Georgia: Savannah

The oldest permanent settlement in Georgia and one of the most historic and picturesque cities in the United States. The city’s history is commemorated by many monuments and buildings, indicative of Savannah’s successful efforts to preserve and restore many fine examples of early nineteenth century architecture. Savannah was one of the first planned cities in the United States and was the chief city and capital of the Georgia colony until well after the ending of the Revolutionary War in 1783. Today, the city’s history has made Savannah one of the most popular tourist attractions in the Southeast.



Site Office

The Savannah Area Convention and Visitors Bureau

101 East Bay Street

Savannah, GA 31402

ph.: (877) SAVANNAH [728-2662]

Web site: www.savannah-visit.com

Savannah was founded in 1733 by General James Edward Oglethorpe, a philanthropist and military expert, and nineteen associates, when they received a charter from the British government empowering them to establish the colony of Georgia. The colonists had several reasons for wanting to establish a settlement there. The first was altruistic. Savannah was to be a settlement where the poor and persecuted might find refuge. The other reasons concerned economics and military defense. England hoped to strengthen the colonies, increase trade, and provide a buffer for Carolina against the Spanish, who had settled Florida.



Early Years

During its early years, Savannah became a haven for all kinds of religious groups experiencing persecution, including Methodists, Anglicans, Lutherans, Baptists, Presbyterians, and Jews. In 1734, just a few months after Georgia’s colonization, Salzburger Lutherans fled Europe for Savannah, where they established a religious colony at nearby Ebeneezer. In July, 1733, Savannah became the home of the first Reform Jewish congregation in America. Today, its synagogue, Temple Mickve Israel, houses a museum with 1,790 historical books, as well as the oldest torah in America and letters to the congregation from U.S. presidents George Washington, Thomas Jefferson, and James Madison.

Early development also reflected Savannah’s military importance. A strategic pattern was set when the entire city was walled against the Spanish. Later, fortifications were built to protect the city during the Revolutionary and Civil Wars. Today, Savannah has many reminders of its military history. Occupying a site fortified since colonial days is Fort Jackson, the oldest remaining brickwork fort in Savannah. Fort Pulaski, designed by Napoleon’s military engineers and built between 1829 and 1847, is a National Monument maintained by the National Park Service. Fort Screven, built in 1875 and used during the Spanish-American War and World War I, is one of the last coastal artillery batteries erected along the East Coast of the United States.



The First Planned City

In the beginning, James Edward Oglethorpe gave order to Savannah’s growth. The city, in fact, can lay claim to be America’s first meticulously planned city. Oglethorpe’s plan included twenty-four public squares designed to be meeting places as well as areas where local citizens could camp out and protect themselves against the Indians. Although some of the squares were built after Oglethorpe’s time, his basic scheme remains in place today, with twenty-one of those public squares still in existence.

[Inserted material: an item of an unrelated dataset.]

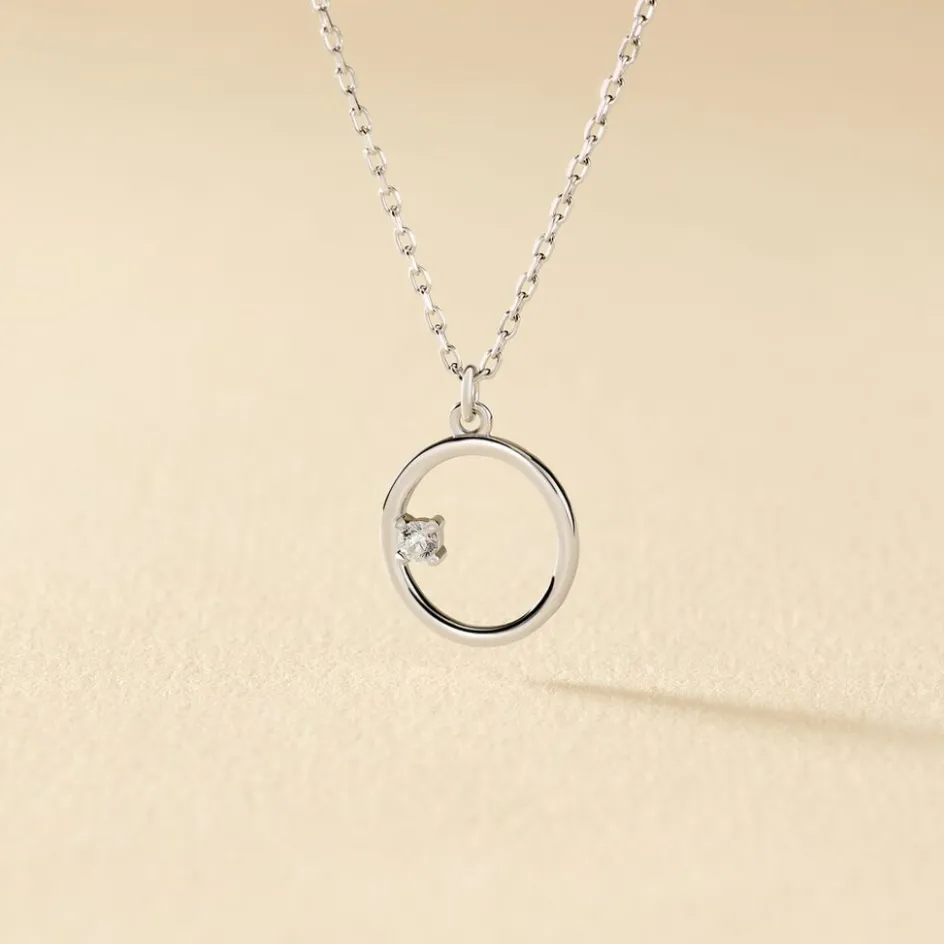 Collier Argent 925/1000 anas Pendentif Cercle Oxyde De Zirconium Chaine Maille Forcat 42cm

Many of these squares have strong associations with some of the most prominent names in U.S. and British history. Calhoun Square, which was laid out at Abercorn Street between Taylor and Gordon Streets, is named for South Carolina statesman John C. Calhoun. Chatham Square, created in 1847 at Barnard Street between Taylor and Gordon Streets, was named in 1851 after William Pitt, the earl of Chatham. Lafayette Square, at Abercorn Street between Harris and Charlton Streets, 1837, is named for the Marquis de Lafayette, the Frenchman who fought for the colonies in the Revolutionary War and who visited Savannah in 1825. Madison Square, between Harris and Charlton Streets, is named in honor of James Madison, fourth president of the United States.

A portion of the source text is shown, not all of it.